> "Every star in the sky has a witness. Every death in the village has a reason."
— Elder Kumatar, Year 3457 of the Beast Calendar
---
The wind whispered lies that night.
It wasn't the kind of breeze that cooled the skin—it sliced it. Cold, sharp, and soaked in the scent of blood yet to be spilled. The moon, bloated and sullen, hung low like it was ashamed of what it had to witness.
The villagers of Eldwen danced anyway.
The Festival of Three Nights had returned, as it always did, marking the rare alignment of the Forgotten Stars. For three nights, time fractured. Reality bent. The dead stirred, and the living… changed.
They called it celebration.
But it was survival.
---
Adam stood near the outer bonfires, eyes wide, heart a metronome of fear. A boy no older than ten, yet his soul had known hunger, fire, and dreams that refused to stay dead. He was the only child born in decades to a dying village. His hair was pale, not from genetics—but from something else, something old that slept within him.
Beside him stood Grandma Adams, hunched but unbroken. Her hands, knotted from age and power, gripped a carved cane—a staff more than a support.
"Tonight," she whispered, "you see them for who they truly are."
The fire roared louder as her words dropped like stones.
All around them, villagers began to change.
Some grew wings made of shadowy feathers. Others shed their skin to reveal scales that shimmered like liquified moonlight. Antlers cracked through skulls. Eyes split into thirds. The mystic forms had awakened.
Each soul here bore a secret ancestry. Beastfolk. Undead lineages. Forgotten titans and hybrid banshees. The festival exposed the truth.
Adam had no such change.
He remained painfully human.
---
Drums began to pound—slow, ritualistic. Not music. A heartbeat. The village's. The world's.
"Why am I not changing?" Adam asked, his voice small, throat dry.
Grandma didn't answer.
Instead, she stepped into the firelight.
The heat should've killed her—but as the flames licked her wrinkled flesh, something impossible happened: her body straightened. The cane fell.
And she became young again.
Hair flowing silver like waterfall threads. Eyes luminous with ancestral frost. Skin firm, her presence commanding. The villagers dropped to their knees—not in worship, but in fear.
"She's reverting…" Elder Kumatar murmured from the shadows. "Her final form."
Adam watched in horror and awe.
The woman who raised him was now a stranger carved from ancient myth.
---
But the joy in her eyes cracked.
She began to cough.
Not once. But violently.
Blood poured from her mouth—not red, but pink. It glowed. It hissed. The flames around her bowed as if ashamed to touch it.
"No…" Adam took a step forward. "No, not now…"
Grandma turned, smiled softly. "You must not cry."
Then she fell—no, she crumbled—into the dust like a sand sculpture being erased by cruel wind.
A gust swept through the bonfires.
It wasn't wind.
It was her—her essence, her soul—dispersing in thousands of floating specks.
They rose into the air like glowing fireflies… forming a shape…
A stag. A symbol of purity and silent rage.
Then it burst into black flames.
---
Adam screamed.
It wasn't a human scream.
It was something older, broken from time and reborn through pain.
Every villager froze.
The festival stopped.
The stars pulsed once.
Then Adam vanished.
No portal. No magic circle. No chant.
Just gone—like a soul dragged by an unseen predator.
---
[System Interlude: Elder Kumatar's Witness Log]

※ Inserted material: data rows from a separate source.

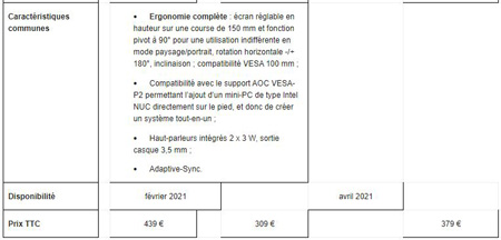 Tous dotés d’un châssis bord à bord sur trois côtés, ces trois nouveaux modèles disposent, pour un confort visuel optimisé, d’un mode Low Blue Light, pour une réduction des émissions de lumière bleue sur les ondes courtes et de la technologie Flicker-Free éliminant les scintillements.
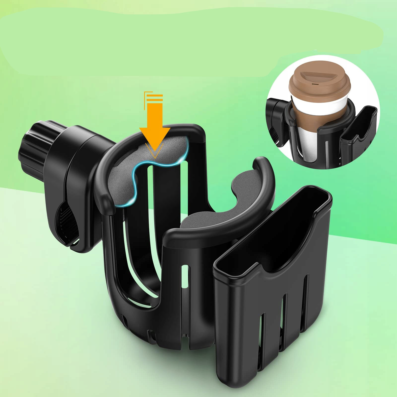 Подстаканник для напитков широко используется в большинстве колясок с палками, складных колясках, велосипедах, инвалидных колясках, ходунках, самокатах, беговых дорожках, газонокосилках, тележках для гольфа, тележках для покупок, офисных стульях, шезлонгах и т. д.
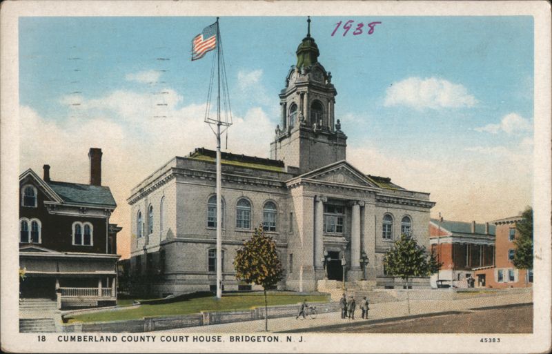 View of the Cumberland County Court House, a neoclassical building with a clock tower. An American flag flies from a tall flagpole on the front lawn. A house is visible to the left, and a few people are on the sidewalk in front of the building.
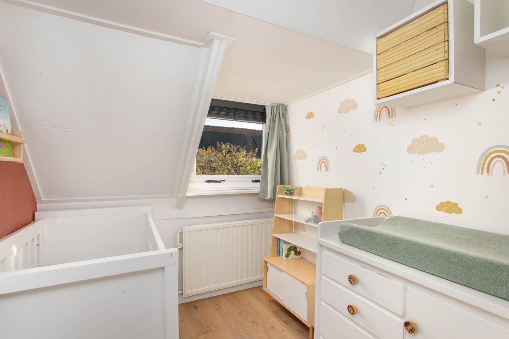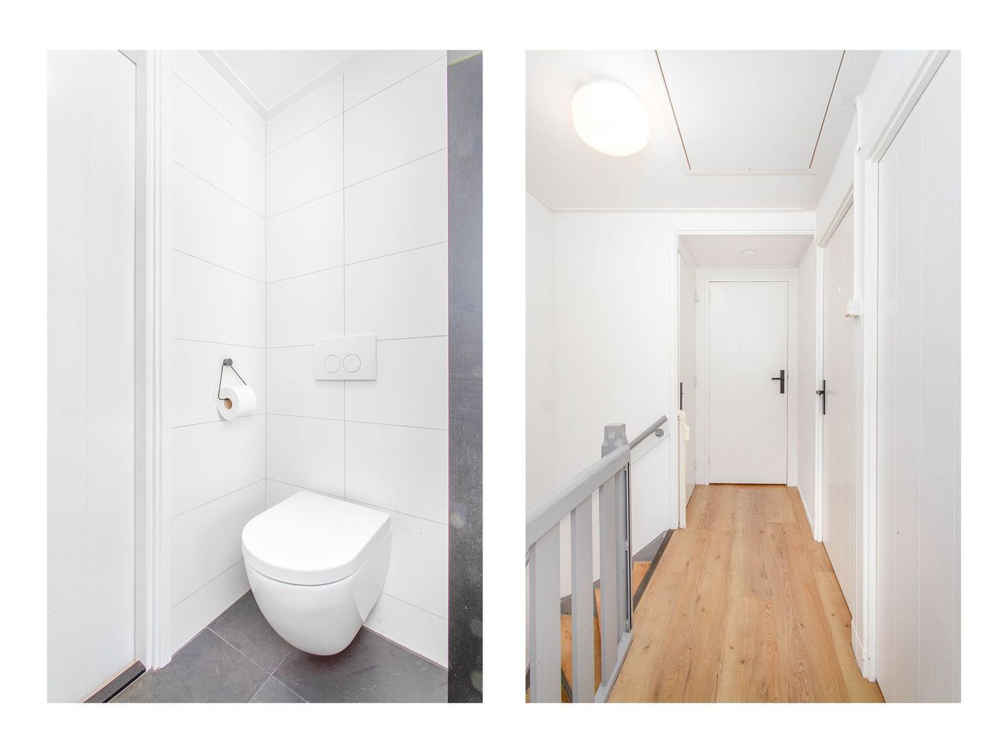 Via de overloop heb je toegang tot de drie slaapkamers en de badkamer. Alle drie de slaapkamers zijn voorzien van een verzorgde laminaatvloer. De moderne badkamer is voorzien van een wastafelmeubel, inloopdouche, ligbad en een tweede toilet. Op de overloop heb je toegang tot de bergzolder middels een vlizotrap.

> "One second he was there, screaming.
The next… emptiness.
Only a black scorch mark where he once stood.
The ashes of his grandmother spiraling upward.
I saw the boy's shadow leave in the wrong direction. Not west. Not east. But toward somewhere not meant for children.
We should have stopped the festival this year.
Now the Deer Witch is dead.
And the boy…
Something in me says he's no longer Adam.
He's becoming something else."
— Filed into Eldwen Archives, Restricted Section, Locked Until Judgment Day.
---
Somewhere far away.
A skyscraper flickered in and out of existence.
The CEO of a pharmaceutical company poured wine as alarms screamed across the building.
He felt a tremor in his chest—not fear, not illness.
Something… primal.
His wine turned to blood.
And a boy appeared in his office, eyes like voids, trailing the last remnants of pink-glowing dust.